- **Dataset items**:
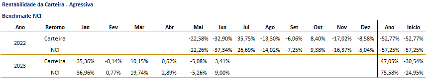 Por fim, a carteira agressiva rendeu +3,41% no período.
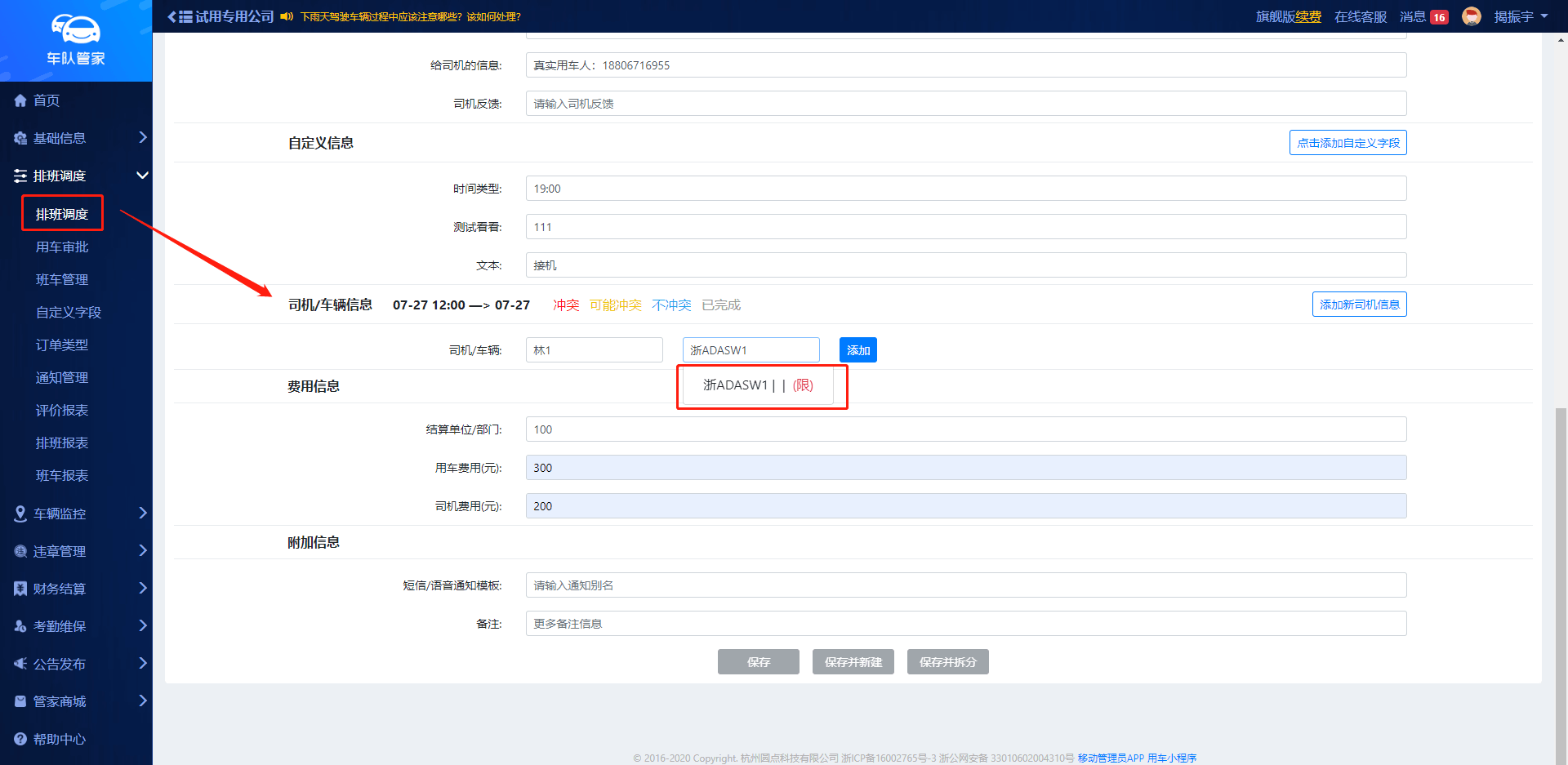 路径:管理员网页端--排班调度--添加排班--添加车辆和司机
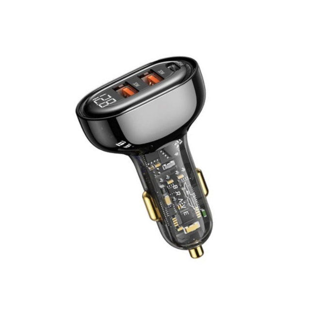 Brave B-22 80W 3 Ports Transparent Digital Display PD & Dual Q3.0 Fast Car Charger
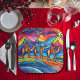These Christmas paper plates feature a stunning abstract design of the three wise men journeying on camels under the Star of Bethlehem. Reminiscent of stained glass, it showcases a vibrant blend of colors and bold lines that create a sense of movement and wonder. The radiant Star of Bethlehem draws the eye, symbolizing guidance and hope. These disposable plates are ideal for those who appreciate unique, artistic holiday designs and are the perfect choice for those who enjoy colorful and modern interpretations of traditional Christmas themes.
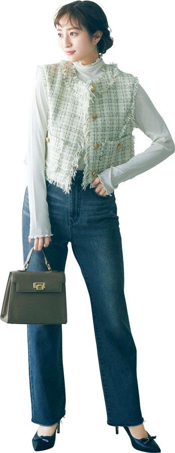 膝から裾にかけてほんのり広がるブーツカットデニムは、太ももまわりがタイトすぎないので着やせ効果も期待。レトロなツイードジレを合わせれば、小粋な上品スタイルもお任せ。
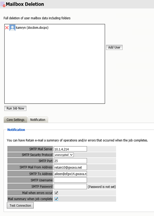 Mailbox Deletion will delete one or more entire mailboxes from Retain.
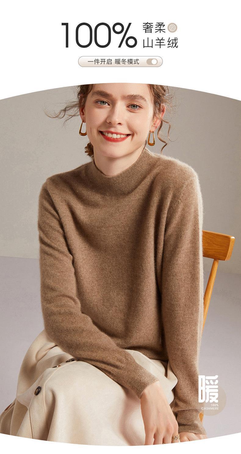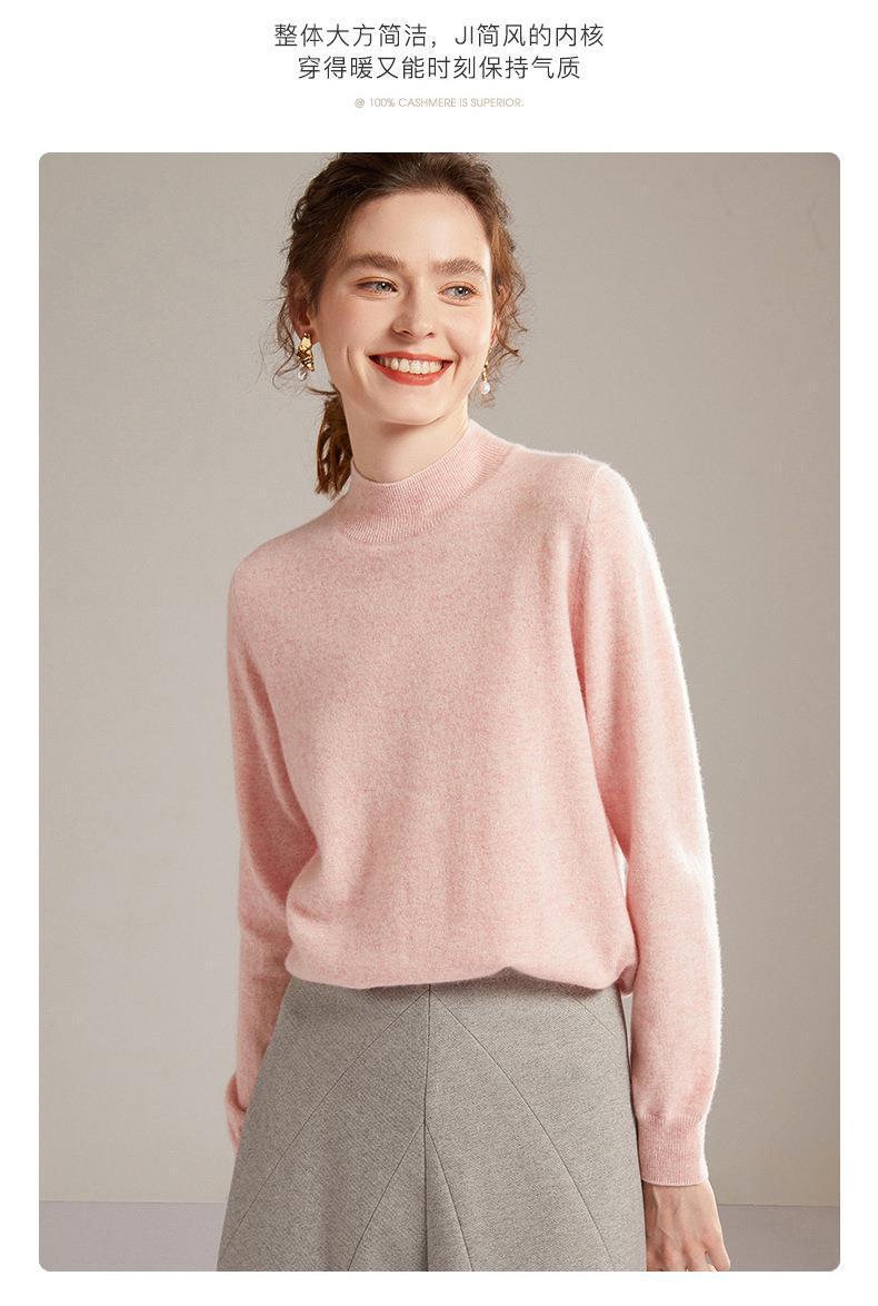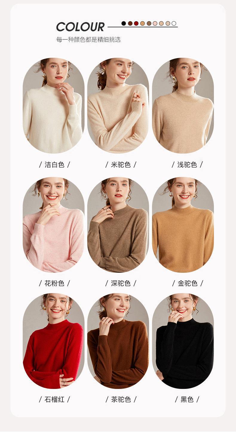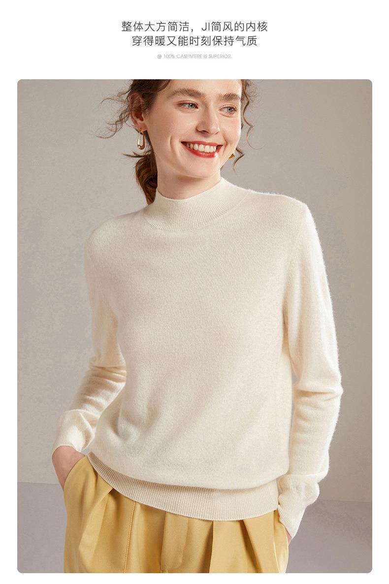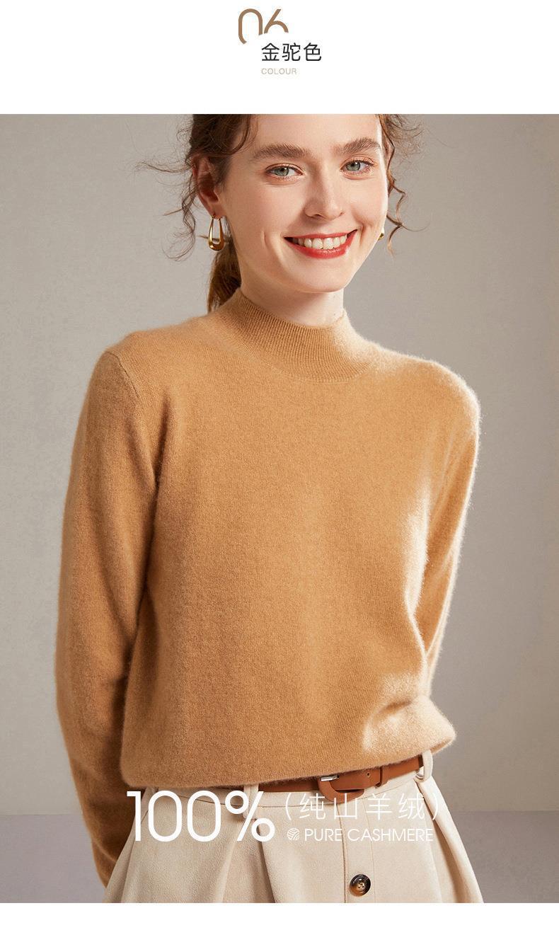 Suéter rojo de cuello medio de cachemira para mujer, suéter de otoño e invierno, jersey corto holgado, camisa de punto

- **Task prompt**:
Print all entries exactly; skip the pictures.

- **Exercise output**:
 Por fim, a carteira agressiva rendeu +3,41% no período.
 路径:管理员网页端--排班调度--添加排班--添加车辆和司机
 Brave B-22 80W 3 Ports Transparent Digital Display PD & Dual Q3.0 Fast Car Charger
These Christmas paper plates feature a stunning abstract design of the three wise men journeying on camels under the Star of Bethlehem. Reminiscent of stained glass, it showcases a vibrant blend of colors and bold lines that create a sense of movement and wonder. The radiant Star of Bethlehem draws the eye, symbolizing guidance and hope. These disposable plates are ideal for those who appreciate unique, artistic holiday designs and are the perfect choice for those who enjoy colorful and modern interpretations of traditional Christmas themes.
 膝から裾にかけてほんのり広がるブーツカットデニムは、太ももまわりがタイトすぎないので着やせ効果も期待。レトロなツイードジレを合わせれば、小粋な上品スタイルもお任せ。
 Mailbox Deletion will delete one or more entire mailboxes from Retain.
 Suéter rojo de cuello medio de cachemira para mujer, suéter de otoño e invierno, jersey corto holgado, camisa de punto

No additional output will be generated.